**WORK ORDER:**
Give all of the data below again exactly, and drop the images.

|---|

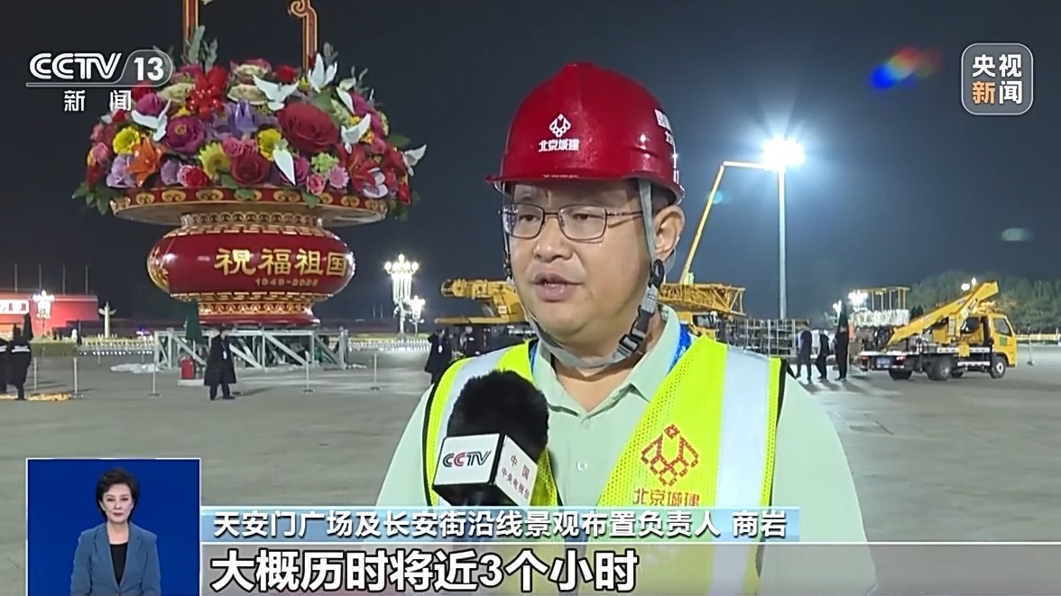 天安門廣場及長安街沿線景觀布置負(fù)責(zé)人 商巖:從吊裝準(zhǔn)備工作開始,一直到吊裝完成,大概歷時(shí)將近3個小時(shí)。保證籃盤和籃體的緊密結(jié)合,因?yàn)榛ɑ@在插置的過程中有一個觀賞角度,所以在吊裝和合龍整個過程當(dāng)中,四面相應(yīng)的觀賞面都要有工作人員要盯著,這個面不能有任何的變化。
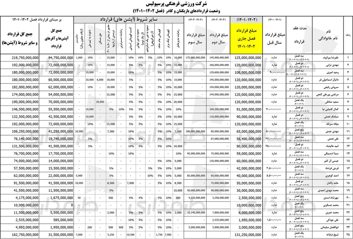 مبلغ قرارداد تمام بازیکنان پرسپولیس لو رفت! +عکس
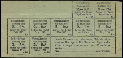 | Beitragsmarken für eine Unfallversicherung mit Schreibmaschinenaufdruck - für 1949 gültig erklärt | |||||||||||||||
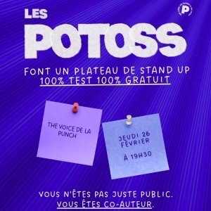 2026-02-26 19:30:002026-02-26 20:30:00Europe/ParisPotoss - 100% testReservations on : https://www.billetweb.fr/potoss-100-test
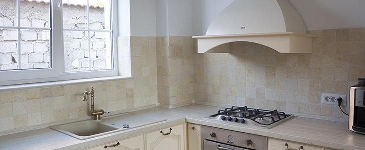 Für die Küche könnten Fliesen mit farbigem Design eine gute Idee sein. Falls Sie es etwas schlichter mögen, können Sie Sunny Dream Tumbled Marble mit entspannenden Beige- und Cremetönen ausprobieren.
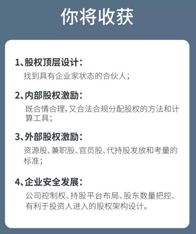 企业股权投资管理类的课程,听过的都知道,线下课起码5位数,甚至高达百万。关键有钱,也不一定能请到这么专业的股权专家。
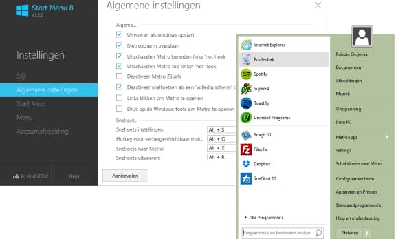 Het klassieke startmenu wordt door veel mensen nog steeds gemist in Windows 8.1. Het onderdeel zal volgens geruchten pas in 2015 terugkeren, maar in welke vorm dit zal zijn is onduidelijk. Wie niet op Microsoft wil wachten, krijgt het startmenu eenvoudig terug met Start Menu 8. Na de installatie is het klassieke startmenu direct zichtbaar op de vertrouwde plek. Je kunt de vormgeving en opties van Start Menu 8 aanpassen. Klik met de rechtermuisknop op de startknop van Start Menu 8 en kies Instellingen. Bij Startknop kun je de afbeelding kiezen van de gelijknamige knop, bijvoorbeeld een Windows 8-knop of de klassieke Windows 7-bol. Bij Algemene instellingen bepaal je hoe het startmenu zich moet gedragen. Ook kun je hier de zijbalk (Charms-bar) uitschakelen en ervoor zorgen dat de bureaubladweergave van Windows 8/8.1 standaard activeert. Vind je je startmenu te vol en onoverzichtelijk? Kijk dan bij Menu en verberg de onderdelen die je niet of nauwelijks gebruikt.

|---|

**WRITTEN ANSWER:**
 天安門廣場及長安街沿線景觀布置負(fù)責(zé)人 商巖:從吊裝準(zhǔn)備工作開始,一直到吊裝完成,大概歷時(shí)將近3個小時(shí)。保證籃盤和籃體的緊密結(jié)合,因?yàn)榛ɑ@在插置的過程中有一個觀賞角度,所以在吊裝和合龍整個過程當(dāng)中,四面相應(yīng)的觀賞面都要有工作人員要盯著,這個面不能有任何的變化。
 مبلغ قرارداد تمام بازیکنان پرسپولیس لو رفت! +عکس
 | Beitragsmarken für eine Unfallversicherung mit Schreibmaschinenaufdruck - für 1949 gültig erklärt | |||||||||||||||
 2026-02-26 19:30:002026-02-26 20:30:00Europe/ParisPotoss - 100% testReservations on : https://www.billetweb.fr/potoss-100-test
 Für die Küche könnten Fliesen mit farbigem Design eine gute Idee sein. Falls Sie es etwas schlichter mögen, können Sie Sunny Dream Tumbled Marble mit entspannenden Beige- und Cremetönen ausprobieren.
 企业股权投资管理类的课程,听过的都知道,线下课起码5位数,甚至高达百万。关键有钱,也不一定能请到这么专业的股权专家。
 Het klassieke startmenu wordt door veel mensen nog steeds gemist in Windows 8.1. Het onderdeel zal volgens geruchten pas in 2015 terugkeren, maar in welke vorm dit zal zijn is onduidelijk. Wie niet op Microsoft wil wachten, krijgt het startmenu eenvoudig terug met Start Menu 8. Na de installatie is het klassieke startmenu direct zichtbaar op de vertrouwde plek. Je kunt de vormgeving en opties van Start Menu 8 aanpassen. Klik met de rechtermuisknop op de startknop van Start Menu 8 en kies Instellingen. Bij Startknop kun je de afbeelding kiezen van de gelijknamige knop, bijvoorbeeld een Windows 8-knop of de klassieke Windows 7-bol. Bij Algemene instellingen bepaal je hoe het startmenu zich moet gedragen. Ook kun je hier de zijbalk (Charms-bar) uitschakelen en ervoor zorgen dat de bureaubladweergave van Windows 8/8.1 standaard activeert. Vind je je startmenu te vol en onoverzichtelijk? Kijk dan bij Menu en verberg de onderdelen die je niet of nauwelijks gebruikt.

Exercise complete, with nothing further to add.